• _The data_:
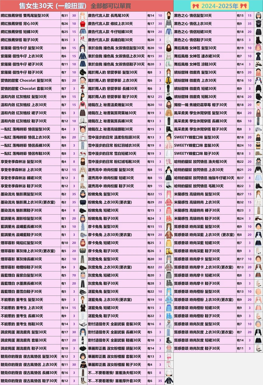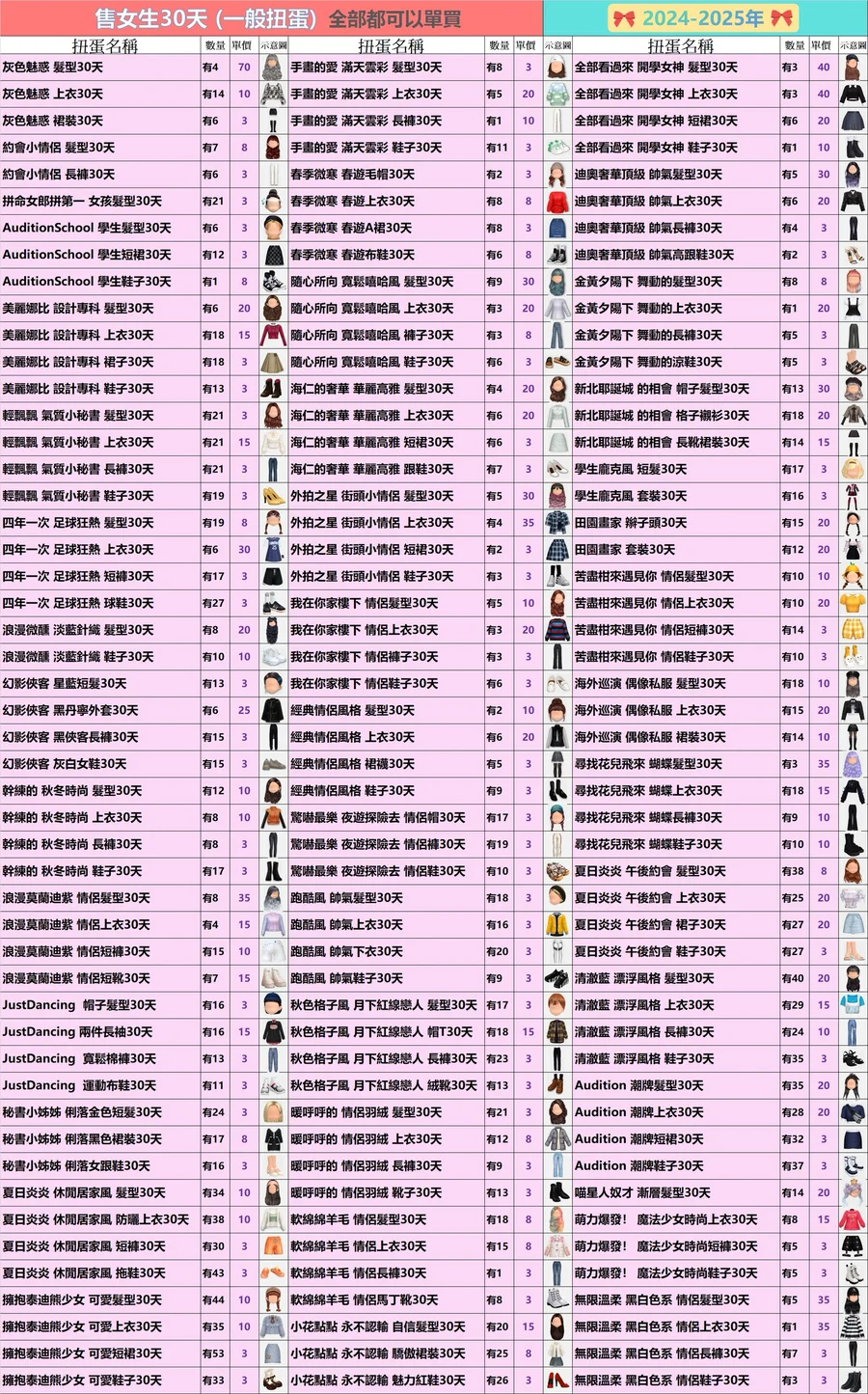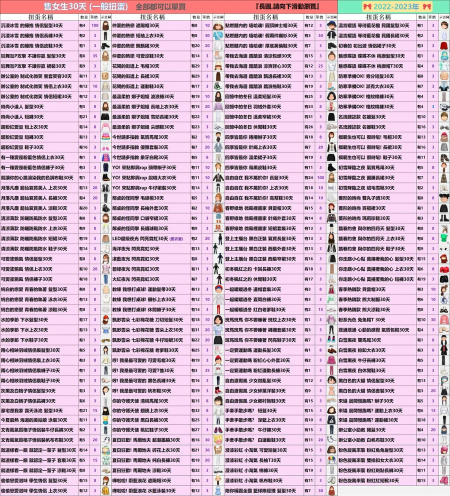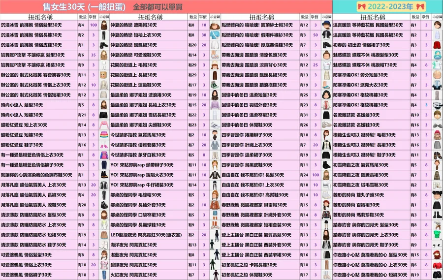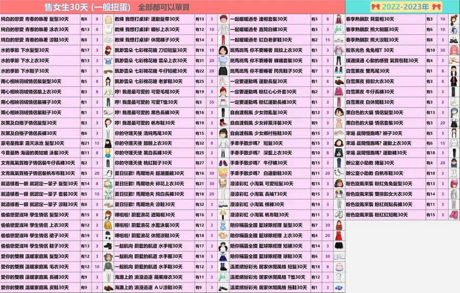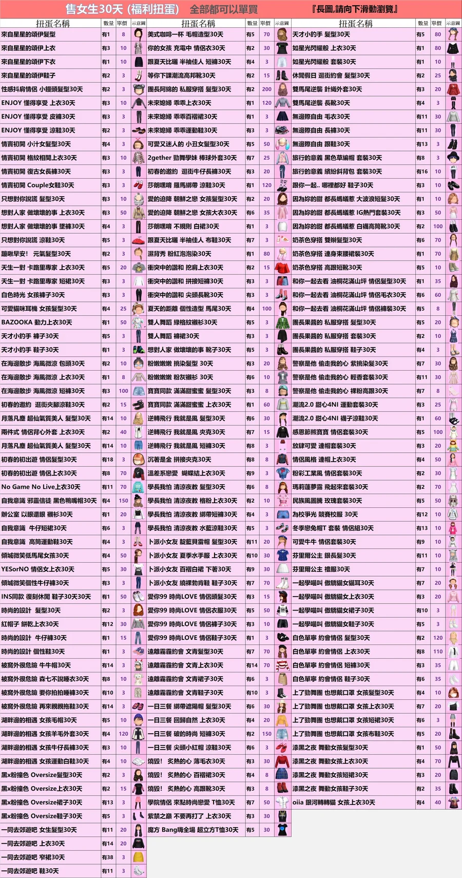 女生的30天扭蛋✿全部3元起(期間女)
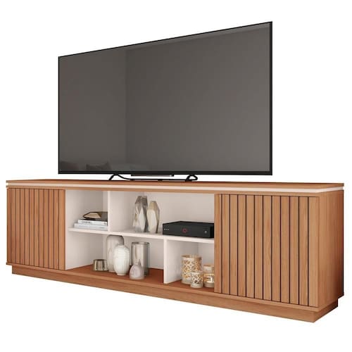 Descubra a harmonia perfeita para o seu refúgio de lazer com o Rack Para Sala Bancada de 75 Pol 180cm Simetria Freijó/Off White, da Caemmun.
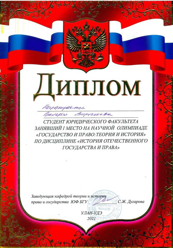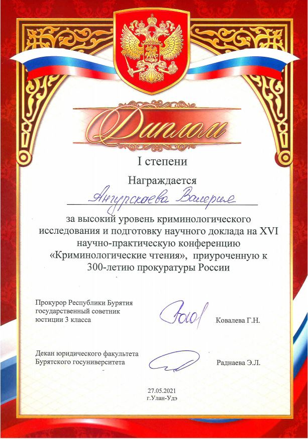 - Свой первый опыт написания научных работ я получила еще будучи на первом курсе. Помню, что тема статьи, которая должна была быть опубликована в сборнике, меня воодушевила с самого начала. Потом долгие часы работы, и наконец статья была готова. Руководителем, который стал моим проводником в научный мир, является доктор исторических наук, доцент кафедры Теории и истории права и государства, Дугарова Сержена Жигмытовна. Именно благодаря ее профессиональной поддержке моей первой пробы пера я поняла, что на самом деле при желании научный мир не так уж и далек, он по своему интересен и самое главное, ценен, причем не только в теоретическом, но и в практическом аспектах. Потом это во многом мне помогало понимать значение своих научных работ, за что я бы хотела выразить особую благодарность Сержене Жигмытовне.
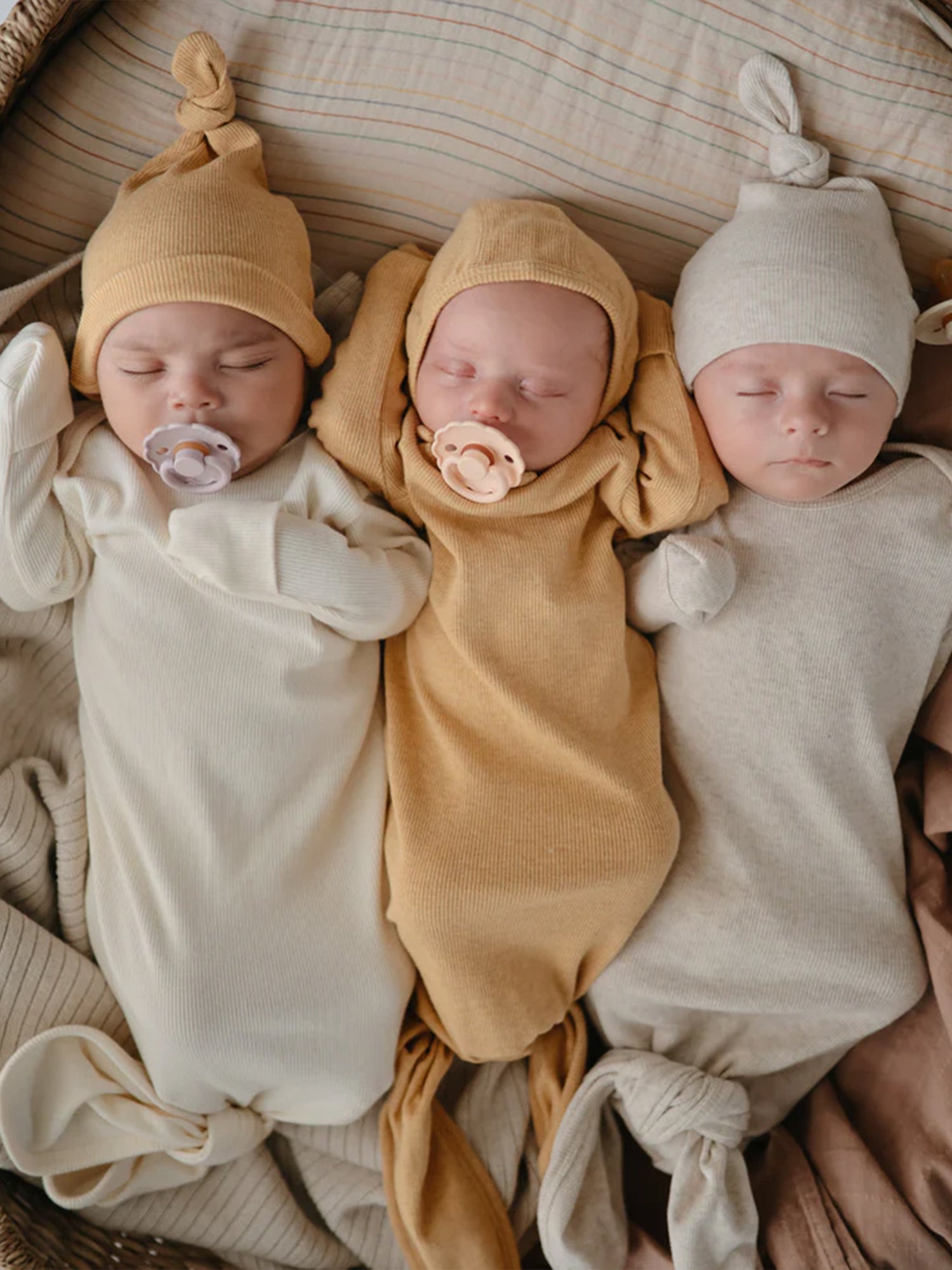Beautiful baby hat designed and thinking for newborns. The beanie is made from organic cotton and features a stretchy, lightweight design with a knot at the top, perfect for keeping those little ears warm. Parents and babies alike will love the extra soft knot material.

• _Aim of the task_: Repeat the whole listing above word for word, but keep any picture out of it.

• _Answer section_:
 女生的30天扭蛋✿全部3元起(期間女)
 Descubra a harmonia perfeita para o seu refúgio de lazer com o Rack Para Sala Bancada de 75 Pol 180cm Simetria Freijó/Off White, da Caemmun.
 - Свой первый опыт написания научных работ я получила еще будучи на первом курсе. Помню, что тема статьи, которая должна была быть опубликована в сборнике, меня воодушевила с самого начала. Потом долгие часы работы, и наконец статья была готова. Руководителем, который стал моим проводником в научный мир, является доктор исторических наук, доцент кафедры Теории и истории права и государства, Дугарова Сержена Жигмытовна. Именно благодаря ее профессиональной поддержке моей первой пробы пера я поняла, что на самом деле при желании научный мир не так уж и далек, он по своему интересен и самое главное, ценен, причем не только в теоретическом, но и в практическом аспектах. Потом это во многом мне помогало понимать значение своих научных работ, за что я бы хотела выразить особую благодарность Сержене Жигмытовне.
Beautiful baby hat designed and thinking for newborns. The beanie is made from organic cotton and features a stretchy, lightweight design with a knot at the top, perfect for keeping those little ears warm. Parents and babies alike will love the extra soft knot material.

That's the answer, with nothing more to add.